**DIRECTIONS FOR THIS TASK:**
Please repeat the lines below, exactly and only, from the one that holds "- 𝐑𝐎𝐁𝐔𝐒𝐓 𝐔𝐍𝐃" through the one that holds "Really great sweater".

**DATA SHOWN:**
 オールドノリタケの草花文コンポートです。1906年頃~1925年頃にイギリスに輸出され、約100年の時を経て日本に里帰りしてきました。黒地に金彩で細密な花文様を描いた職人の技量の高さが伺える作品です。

--

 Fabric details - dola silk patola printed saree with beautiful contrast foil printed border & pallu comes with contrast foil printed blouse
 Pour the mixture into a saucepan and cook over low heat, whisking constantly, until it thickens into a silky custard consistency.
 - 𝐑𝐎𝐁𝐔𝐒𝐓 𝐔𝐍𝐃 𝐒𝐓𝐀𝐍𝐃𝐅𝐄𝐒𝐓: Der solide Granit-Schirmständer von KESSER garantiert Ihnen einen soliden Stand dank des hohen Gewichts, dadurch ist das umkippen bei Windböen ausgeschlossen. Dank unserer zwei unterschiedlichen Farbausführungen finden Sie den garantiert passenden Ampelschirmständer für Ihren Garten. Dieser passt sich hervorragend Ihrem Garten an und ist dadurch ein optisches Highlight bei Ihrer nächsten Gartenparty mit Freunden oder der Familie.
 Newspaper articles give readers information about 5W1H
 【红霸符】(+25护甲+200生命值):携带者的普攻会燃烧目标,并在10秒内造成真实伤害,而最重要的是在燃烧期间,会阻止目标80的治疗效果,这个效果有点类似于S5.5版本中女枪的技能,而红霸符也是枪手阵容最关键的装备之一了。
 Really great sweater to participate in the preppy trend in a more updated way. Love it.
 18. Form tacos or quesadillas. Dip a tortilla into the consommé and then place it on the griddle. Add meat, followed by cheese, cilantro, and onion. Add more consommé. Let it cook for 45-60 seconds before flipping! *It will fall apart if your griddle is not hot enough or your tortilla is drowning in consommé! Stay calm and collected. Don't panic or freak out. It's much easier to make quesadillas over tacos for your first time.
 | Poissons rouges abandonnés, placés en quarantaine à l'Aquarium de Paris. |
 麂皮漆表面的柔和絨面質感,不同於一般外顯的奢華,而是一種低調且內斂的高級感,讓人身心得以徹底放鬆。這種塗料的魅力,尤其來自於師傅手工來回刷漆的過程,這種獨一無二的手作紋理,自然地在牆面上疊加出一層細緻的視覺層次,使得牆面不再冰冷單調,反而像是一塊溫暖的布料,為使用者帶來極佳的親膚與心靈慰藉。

---

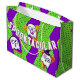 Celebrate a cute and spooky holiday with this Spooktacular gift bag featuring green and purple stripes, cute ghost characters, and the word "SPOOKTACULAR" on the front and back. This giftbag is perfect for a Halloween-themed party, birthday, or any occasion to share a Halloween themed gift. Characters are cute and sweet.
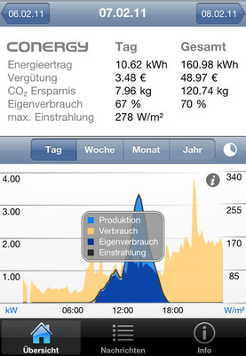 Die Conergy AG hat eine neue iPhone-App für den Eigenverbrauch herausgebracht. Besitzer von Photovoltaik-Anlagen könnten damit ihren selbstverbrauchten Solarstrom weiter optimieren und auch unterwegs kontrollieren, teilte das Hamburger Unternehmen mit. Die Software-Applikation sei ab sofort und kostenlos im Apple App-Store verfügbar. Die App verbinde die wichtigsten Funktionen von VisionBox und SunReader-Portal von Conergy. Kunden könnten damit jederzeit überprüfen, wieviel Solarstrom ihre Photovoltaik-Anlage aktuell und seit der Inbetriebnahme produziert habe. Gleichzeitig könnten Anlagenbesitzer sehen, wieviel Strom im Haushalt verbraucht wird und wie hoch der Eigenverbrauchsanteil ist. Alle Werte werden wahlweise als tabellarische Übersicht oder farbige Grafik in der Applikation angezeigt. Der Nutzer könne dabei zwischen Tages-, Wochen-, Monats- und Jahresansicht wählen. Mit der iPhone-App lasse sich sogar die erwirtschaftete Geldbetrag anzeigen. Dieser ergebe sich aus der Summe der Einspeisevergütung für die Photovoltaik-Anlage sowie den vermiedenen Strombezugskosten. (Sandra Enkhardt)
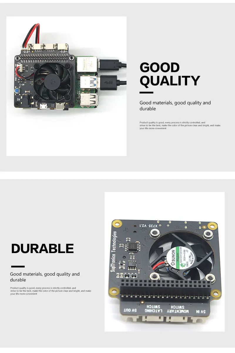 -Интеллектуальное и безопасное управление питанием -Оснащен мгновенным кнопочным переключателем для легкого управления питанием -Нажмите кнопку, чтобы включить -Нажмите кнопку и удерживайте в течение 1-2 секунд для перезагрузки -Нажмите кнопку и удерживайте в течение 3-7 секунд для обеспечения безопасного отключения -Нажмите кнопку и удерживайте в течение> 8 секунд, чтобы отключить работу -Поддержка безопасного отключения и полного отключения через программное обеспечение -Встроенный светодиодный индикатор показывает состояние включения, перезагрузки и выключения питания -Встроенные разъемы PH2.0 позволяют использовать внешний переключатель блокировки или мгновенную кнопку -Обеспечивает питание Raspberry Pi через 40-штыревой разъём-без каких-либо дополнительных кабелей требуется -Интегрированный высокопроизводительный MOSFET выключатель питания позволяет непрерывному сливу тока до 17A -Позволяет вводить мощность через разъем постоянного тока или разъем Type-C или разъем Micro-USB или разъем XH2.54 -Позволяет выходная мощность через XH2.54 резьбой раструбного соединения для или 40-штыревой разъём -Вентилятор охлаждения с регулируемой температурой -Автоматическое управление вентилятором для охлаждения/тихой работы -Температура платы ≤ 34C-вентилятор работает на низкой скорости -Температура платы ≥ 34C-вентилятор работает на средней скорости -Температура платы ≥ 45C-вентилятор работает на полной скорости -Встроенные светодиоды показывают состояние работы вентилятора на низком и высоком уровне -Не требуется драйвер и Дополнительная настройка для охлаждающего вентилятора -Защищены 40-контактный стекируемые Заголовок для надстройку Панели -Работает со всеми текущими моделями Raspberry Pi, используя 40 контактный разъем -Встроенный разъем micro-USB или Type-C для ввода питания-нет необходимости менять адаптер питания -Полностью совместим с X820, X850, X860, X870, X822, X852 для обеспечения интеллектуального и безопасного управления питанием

**WRITTEN ANSWER:**
 - 𝐑𝐎𝐁𝐔𝐒𝐓 𝐔𝐍𝐃 𝐒𝐓𝐀𝐍𝐃𝐅𝐄𝐒𝐓: Der solide Granit-Schirmständer von KESSER garantiert Ihnen einen soliden Stand dank des hohen Gewichts, dadurch ist das umkippen bei Windböen ausgeschlossen. Dank unserer zwei unterschiedlichen Farbausführungen finden Sie den garantiert passenden Ampelschirmständer für Ihren Garten. Dieser passt sich hervorragend Ihrem Garten an und ist dadurch ein optisches Highlight bei Ihrer nächsten Gartenparty mit Freunden oder der Familie.
 Newspaper articles give readers information about 5W1H
 【红霸符】(+25护甲+200生命值):携带者的普攻会燃烧目标,并在10秒内造成真实伤害,而最重要的是在燃烧期间,会阻止目标80的治疗效果,这个效果有点类似于S5.5版本中女枪的技能,而红霸符也是枪手阵容最关键的装备之一了。
 Really great sweater to participate in the preppy trend in a more updated way. Love it.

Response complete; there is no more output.